Content starts

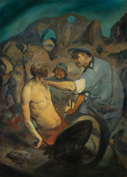 А я полотно всё равно собирался в два раза сложить. Мне кажется композиция значительно выиграет, если центром картины будет не оголённая нога, а тога в обрасти подмышки... (а горизонтальная центральная линия - проходить через белое пятно на груди И.Х.) |
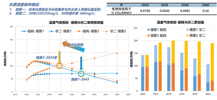 唐曉雪、王文愷等北控研究團隊,量化評估了進(jìn)水濃度提升對水務(wù)企業(yè)碳排放的影響,結果顯示在常規情景下隨著(zhù)電力因子的不斷降低,非二氣體對水廠(chǎng)碳排放影響逐步提升至2045年超過(guò)電力能耗帶來(lái)的碳排放,而當發(fā)生高濃度情景時(shí)(即由于化糞池的取消及管網(wǎng)控制導致進(jìn)水COD到2030年上升至250 mg/L;2060年上升至400mg/L),非二氣體影響將被進(jìn)一步強化,到2035年超過(guò)電力能耗帶來(lái)的碳排放,成為水務(wù)企業(yè)最重要的碳排放源。
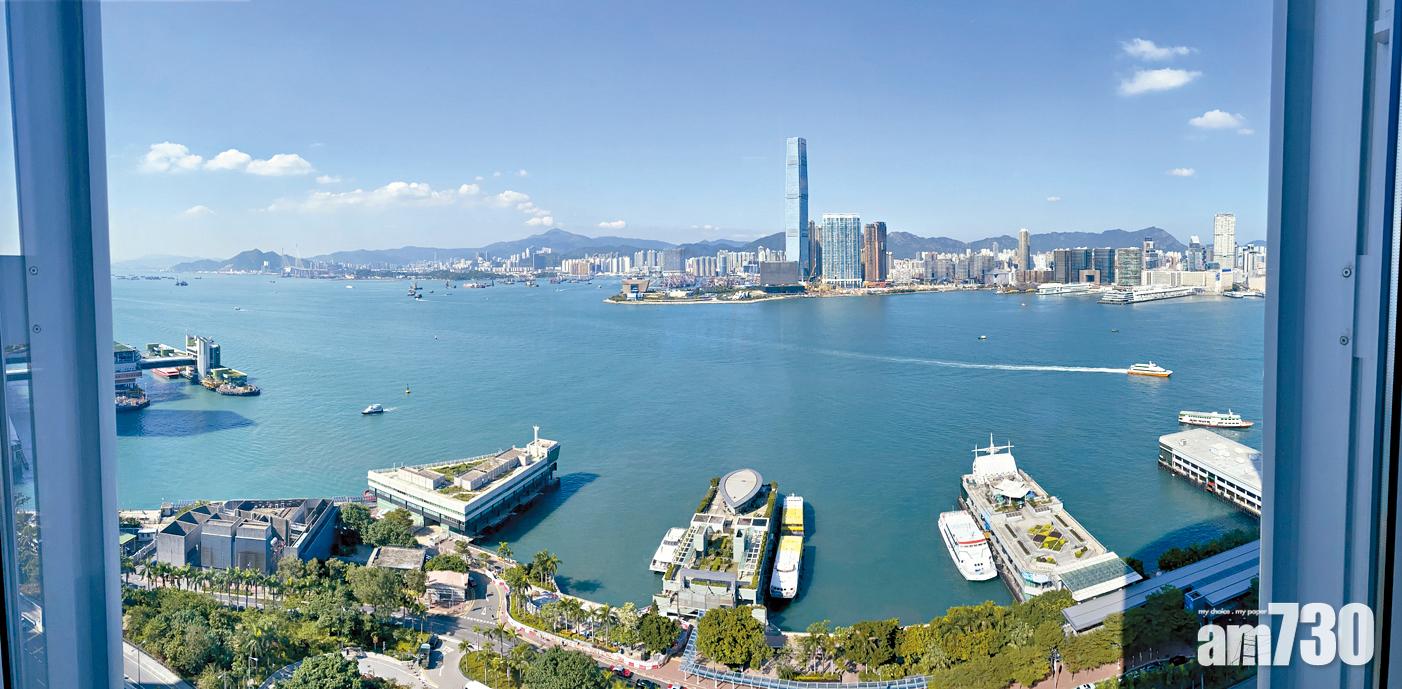 四季酒店套房客廳坐擁維港180度無敵大海景。
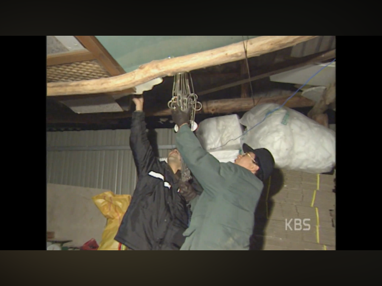 거실 천장엔 스프링 올무가 빼곡히 걸려 있었고,
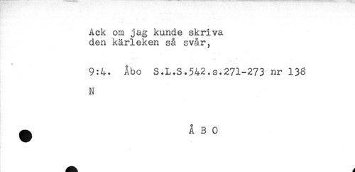 //// Ack om jag kunde skriva //// den kärleken så svår, //// 9:4. Åbo S.L.S.542.s.271-273 nr 13^ //// N //// ^ ÅBO //// < ////
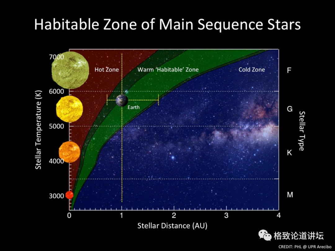 在过去十多年来,任何一个恒星都有一个生命宜居带这一发现是很重要的成果。我们可以看到不同类型、不同表面温度的恒星,都有用绿色来表示的生命宜居带。太阳属于G2V型的恒星,地球正好在它的生命宜居带内。
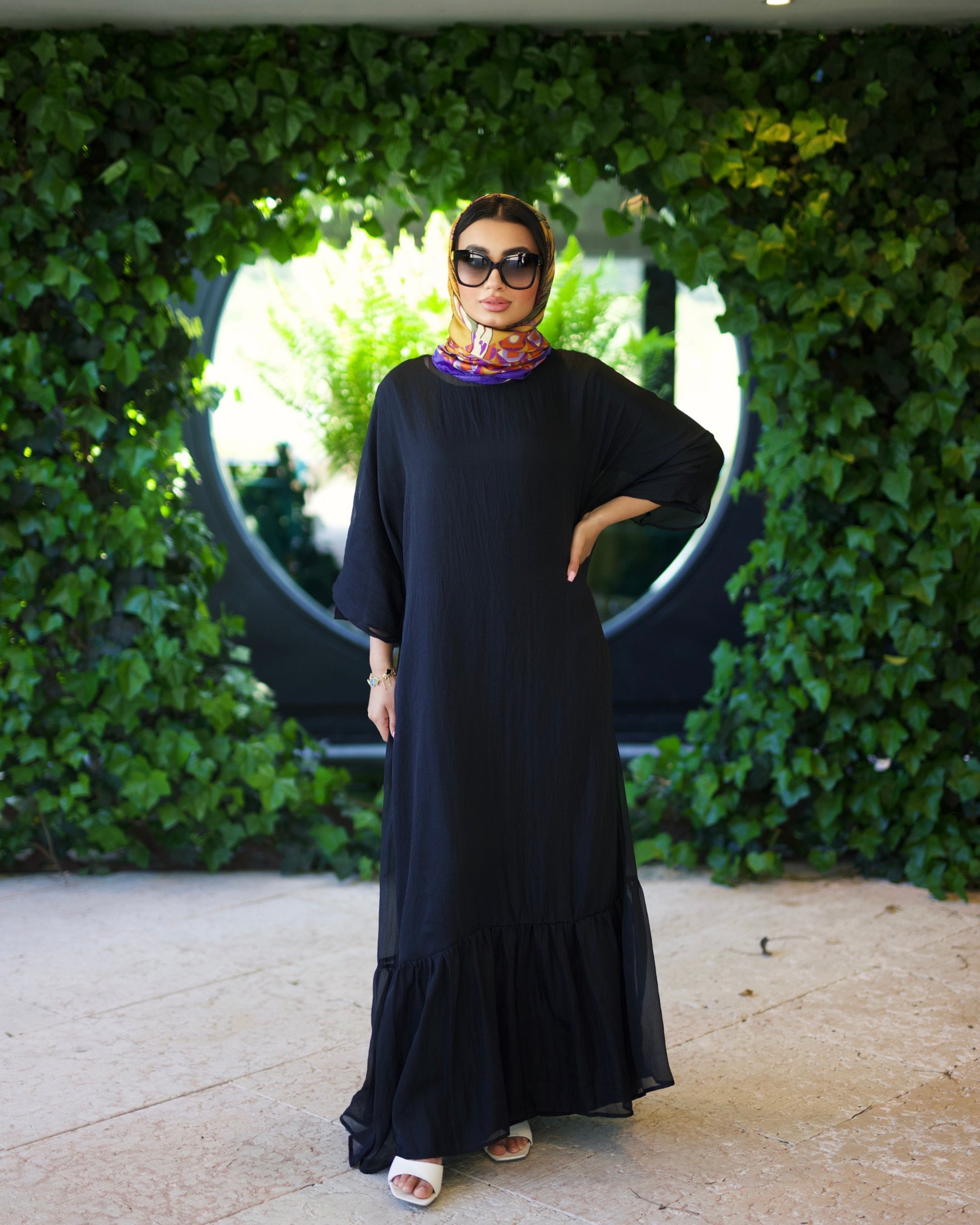 The Refind Dress features boat neck and beautiful sleeves, giving the outfit subtle but prominent details. The ruffles at the bottom of dress is beautifully cut and dashing, whilst maintaining a modest look. This dress is perfect for any occasion and will definitely leave a lasting impression. The Dress has also a slipdress.

Content ends

▶ _Prompt_:
From the first line above to the line containing "在过去十多年来,任何一个恒星", repeat each line exactly. Pictures stay out.

▶ _Answer to this problem_:
 А я полотно всё равно собирался в два раза сложить. Мне кажется композиция значительно выиграет, если центром картины будет не оголённая нога, а тога в обрасти подмышки... (а горизонтальная центральная линия - проходить через белое пятно на груди И.Х.) |
 唐曉雪、王文愷等北控研究團隊,量化評估了進(jìn)水濃度提升對水務(wù)企業(yè)碳排放的影響,結果顯示在常規情景下隨著(zhù)電力因子的不斷降低,非二氣體對水廠(chǎng)碳排放影響逐步提升至2045年超過(guò)電力能耗帶來(lái)的碳排放,而當發(fā)生高濃度情景時(shí)(即由于化糞池的取消及管網(wǎng)控制導致進(jìn)水COD到2030年上升至250 mg/L;2060年上升至400mg/L),非二氣體影響將被進(jìn)一步強化,到2035年超過(guò)電力能耗帶來(lái)的碳排放,成為水務(wù)企業(yè)最重要的碳排放源。
 四季酒店套房客廳坐擁維港180度無敵大海景。
 거실 천장엔 스프링 올무가 빼곡히 걸려 있었고,
 //// Ack om jag kunde skriva //// den kärleken så svår, //// 9:4. Åbo S.L.S.542.s.271-273 nr 13^ //// N //// ^ ÅBO //// < ////
 在过去十多年来,任何一个恒星都有一个生命宜居带这一发现是很重要的成果。我们可以看到不同类型、不同表面温度的恒星,都有用绿色来表示的生命宜居带。太阳属于G2V型的恒星,地球正好在它的生命宜居带内。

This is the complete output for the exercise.